DATA FOR THIS TASK ▸
>>>>>

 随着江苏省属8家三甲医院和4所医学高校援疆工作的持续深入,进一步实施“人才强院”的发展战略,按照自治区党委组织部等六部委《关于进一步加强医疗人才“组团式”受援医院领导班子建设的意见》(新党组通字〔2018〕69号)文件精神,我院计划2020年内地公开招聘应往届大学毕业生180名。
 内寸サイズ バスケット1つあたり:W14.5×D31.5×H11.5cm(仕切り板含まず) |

<<<<<
>>>>>

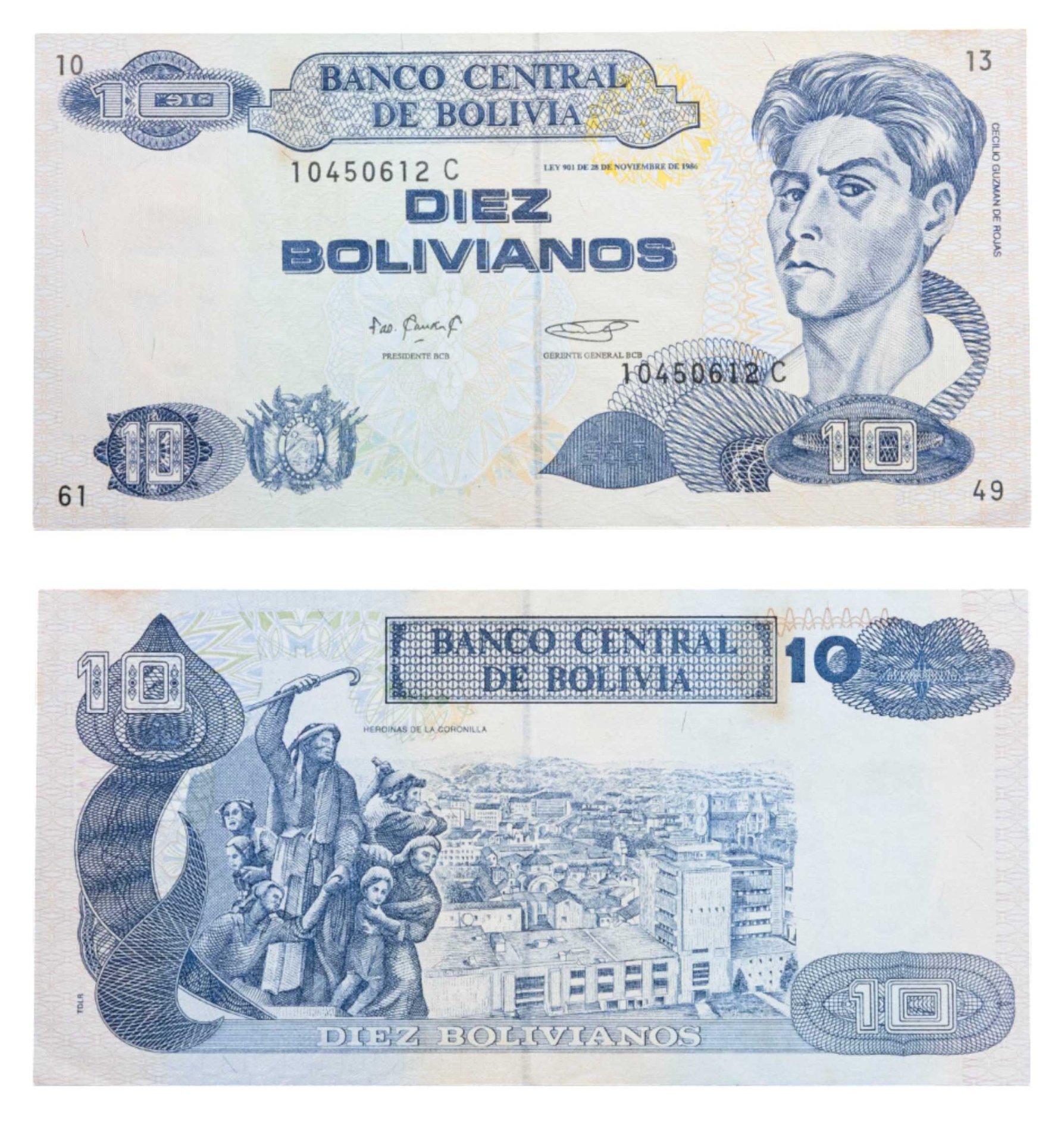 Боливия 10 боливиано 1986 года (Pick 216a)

<<<<<

ACTIVITY ▸
From the listing above, return the lines starting at the one with "随着江苏省属8家三甲医院和4" and ending at the one with "内寸サイズ バスケット1つあたり:W14.5×D31.5×H11.5cm(仕切り板含まず) |", both kept, exactly as they appear and nothing more.

RESULT OF THE TASK ▸
 随着江苏省属8家三甲医院和4所医学高校援疆工作的持续深入,进一步实施“人才强院”的发展战略,按照自治区党委组织部等六部委《关于进一步加强医疗人才“组团式”受援医院领导班子建设的意见》(新党组通字〔2018〕69号)文件精神,我院计划2020年内地公开招聘应往届大学毕业生180名。
 内寸サイズ バスケット1つあたり:W14.5×D31.5×H11.5cm(仕切り板含まず) |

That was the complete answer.